#### MATERIALS PROVIDED

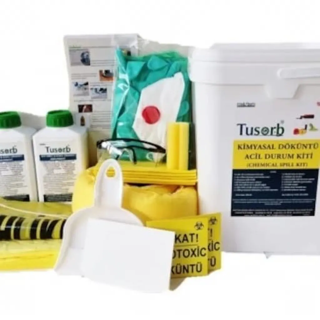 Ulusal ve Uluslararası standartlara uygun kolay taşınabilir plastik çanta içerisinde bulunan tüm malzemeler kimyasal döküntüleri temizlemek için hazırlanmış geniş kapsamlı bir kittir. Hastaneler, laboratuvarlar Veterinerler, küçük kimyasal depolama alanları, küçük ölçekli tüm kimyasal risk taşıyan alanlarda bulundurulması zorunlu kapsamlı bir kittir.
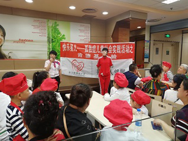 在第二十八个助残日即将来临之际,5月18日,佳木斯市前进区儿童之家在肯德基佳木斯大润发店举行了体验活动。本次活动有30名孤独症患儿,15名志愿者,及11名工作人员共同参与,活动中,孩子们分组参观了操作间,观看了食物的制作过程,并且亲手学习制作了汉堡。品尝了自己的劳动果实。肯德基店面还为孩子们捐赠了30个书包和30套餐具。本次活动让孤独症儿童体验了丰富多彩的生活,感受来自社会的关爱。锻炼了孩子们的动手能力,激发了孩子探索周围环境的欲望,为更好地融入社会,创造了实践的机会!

########
#### MATERIALS PROVIDED

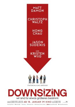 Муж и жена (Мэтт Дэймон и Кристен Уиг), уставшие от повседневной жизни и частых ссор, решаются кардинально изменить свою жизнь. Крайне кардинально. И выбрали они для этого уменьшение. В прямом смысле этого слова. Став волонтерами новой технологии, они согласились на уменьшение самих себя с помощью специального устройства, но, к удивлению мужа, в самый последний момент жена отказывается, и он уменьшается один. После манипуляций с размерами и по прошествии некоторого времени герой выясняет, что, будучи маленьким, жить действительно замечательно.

########

• **YOUR GOAL**: Could you output exactly the lines above, from the line with "Ulusal ve Uluslararası" up to and including the line with "在第二十八个助残日即将来临之", and nothing else, skipping the pictures?

• **COMPLETED EXERCISE**:
 Ulusal ve Uluslararası standartlara uygun kolay taşınabilir plastik çanta içerisinde bulunan tüm malzemeler kimyasal döküntüleri temizlemek için hazırlanmış geniş kapsamlı bir kittir. Hastaneler, laboratuvarlar Veterinerler, küçük kimyasal depolama alanları, küçük ölçekli tüm kimyasal risk taşıyan alanlarda bulundurulması zorunlu kapsamlı bir kittir.
 在第二十八个助残日即将来临之际,5月18日,佳木斯市前进区儿童之家在肯德基佳木斯大润发店举行了体验活动。本次活动有30名孤独症患儿,15名志愿者,及11名工作人员共同参与,活动中,孩子们分组参观了操作间,观看了食物的制作过程,并且亲手学习制作了汉堡。品尝了自己的劳动果实。肯德基店面还为孩子们捐赠了30个书包和30套餐具。本次活动让孤独症儿童体验了丰富多彩的生活,感受来自社会的关爱。锻炼了孩子们的动手能力,激发了孩子探索周围环境的欲望,为更好地融入社会,创造了实践的机会!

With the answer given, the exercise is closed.